May 30, 2011 10:01 GMT  ·  By

The international society agrees that rainforests need to be saved at all costs. Yet, while this much is certain, what remains to be determined is the extent to which local communities will be affected. In most areas that contain rainforests, locals are extremely poor.

One of the most widely proposed methods of reducing the amount of land being deforested is to provide countries housing them with funds to continue their economic development without wood.

But the developed world – which is currently debating how to divide the burden of actually paying for preserving the rainforest – failed to consider the local impact that granting subsidies would produce.

Rural poverty might jump through the roof, analysts say in a new report. Those living in villages near or within the rainforests would be deprived of critical income streams, which would throw them into an even poorer state than they're in at this point.
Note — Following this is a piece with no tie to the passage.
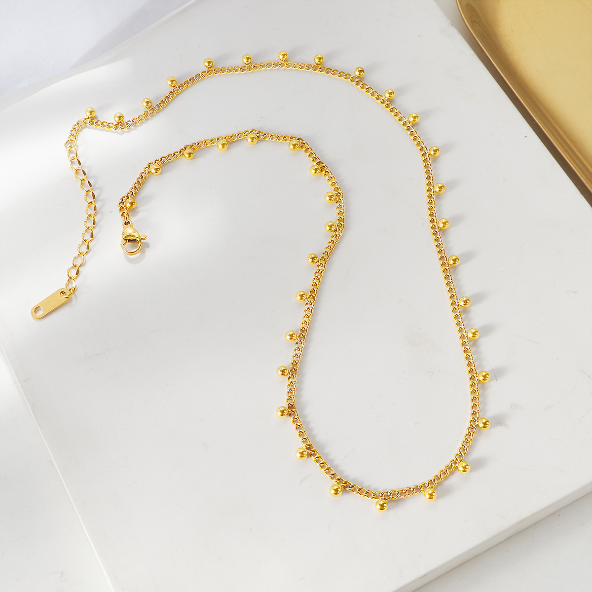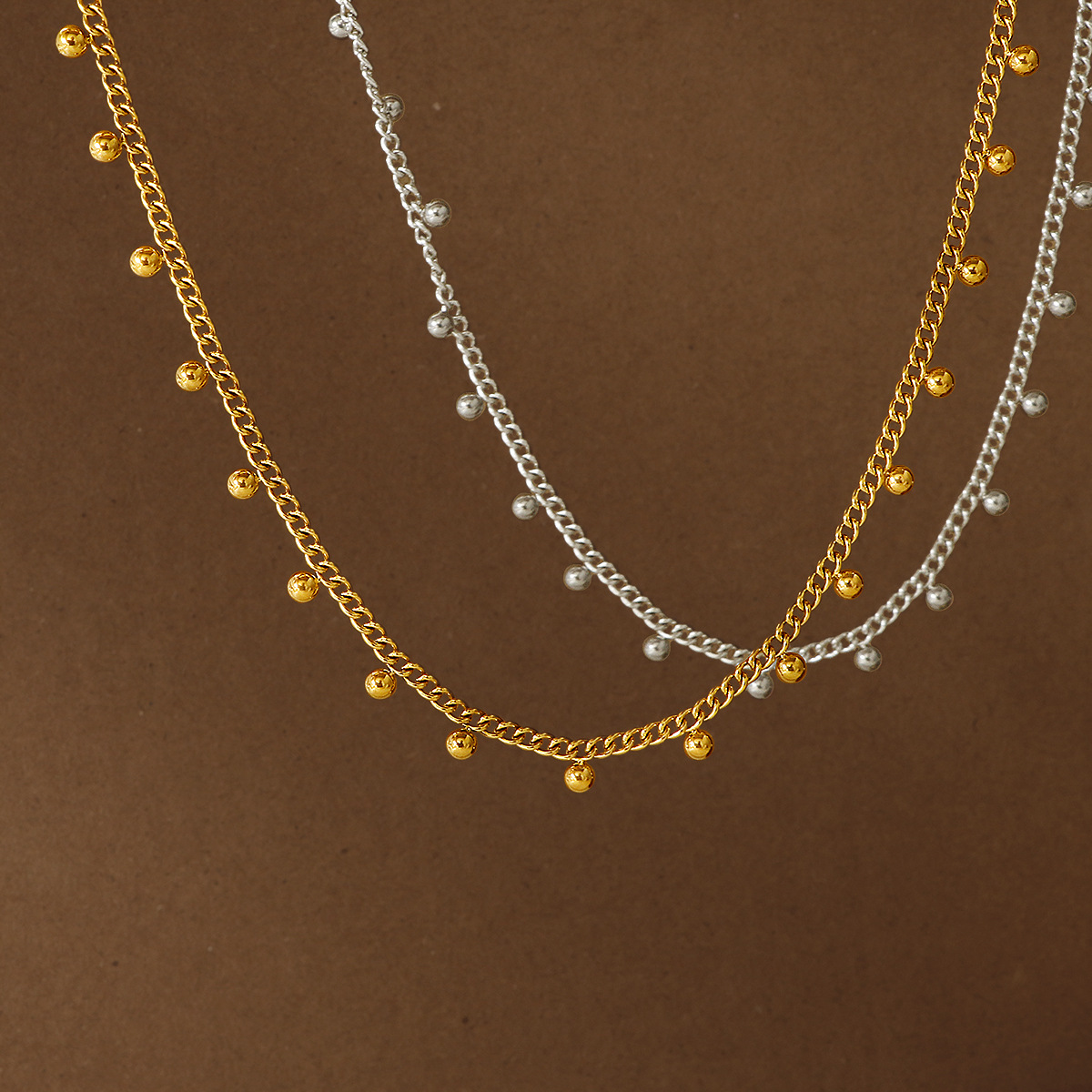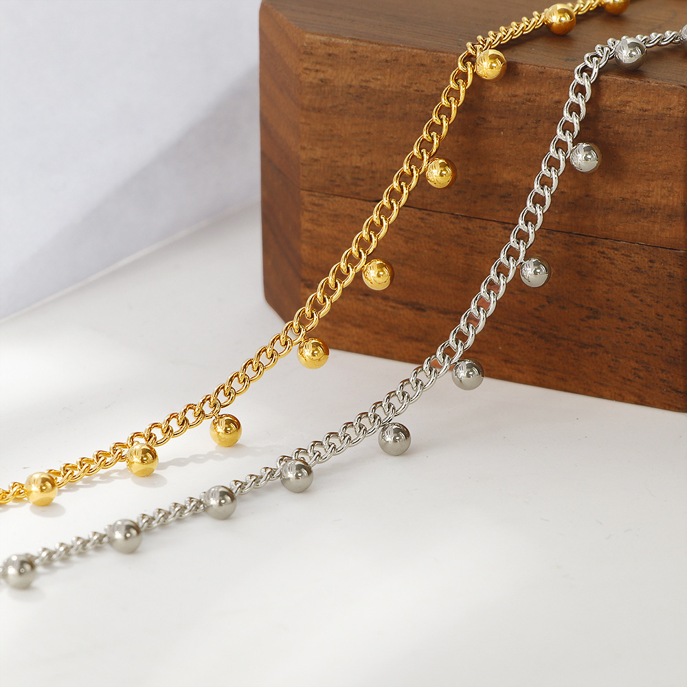 fx398 lace gold bean necklace-steel color

The new study was conducted by scientists and economists in the United States, the United Kingdom and Africa. The cost-return analysis was carried out for a patch of land covering about half a million square kilometers in Tanzania.

"For an international payment system like the United Nations' new REDD+ Scheme – Reducing Emissions from Deforestation and forest Degradation – it must, at the very least, cover the costs of forest conservation to those that rely on tropical forests for their livelihoods,” says Dr. Brendan Fisher.

“However, the REDD+ scheme has a potentially more intractable problem. Even if the full costs are paid, where will the area's increasing food and fuel demand be met if agriculture stops expanding?” adds the expert, who is the lead author of the new report.

“Payments may mean that deforestation could merely move to areas of tropical countries outside of the REDD+ program,” he says. Fisher holds an appointment as a professor at the Princeton University, and also with the World Wildlife Fund (WWF).

“This would be a serious deficiency as REDD+ is designed to reduce carbon dioxide emissions to tackle climate change,” the expert argues, saying that charcoal production, for example, makes up for about a third of the profit of converting Tanzanian forests and woodlands to agriculture.

Generally, this industry is ignored in cost-benefit analysis, and this oversight can be devastating to local populace, scientists concur.

Details of the new work appear in the current issue of the top journal Nature Climate Change. Researchers at the University of Leeds were involved in the new study as well.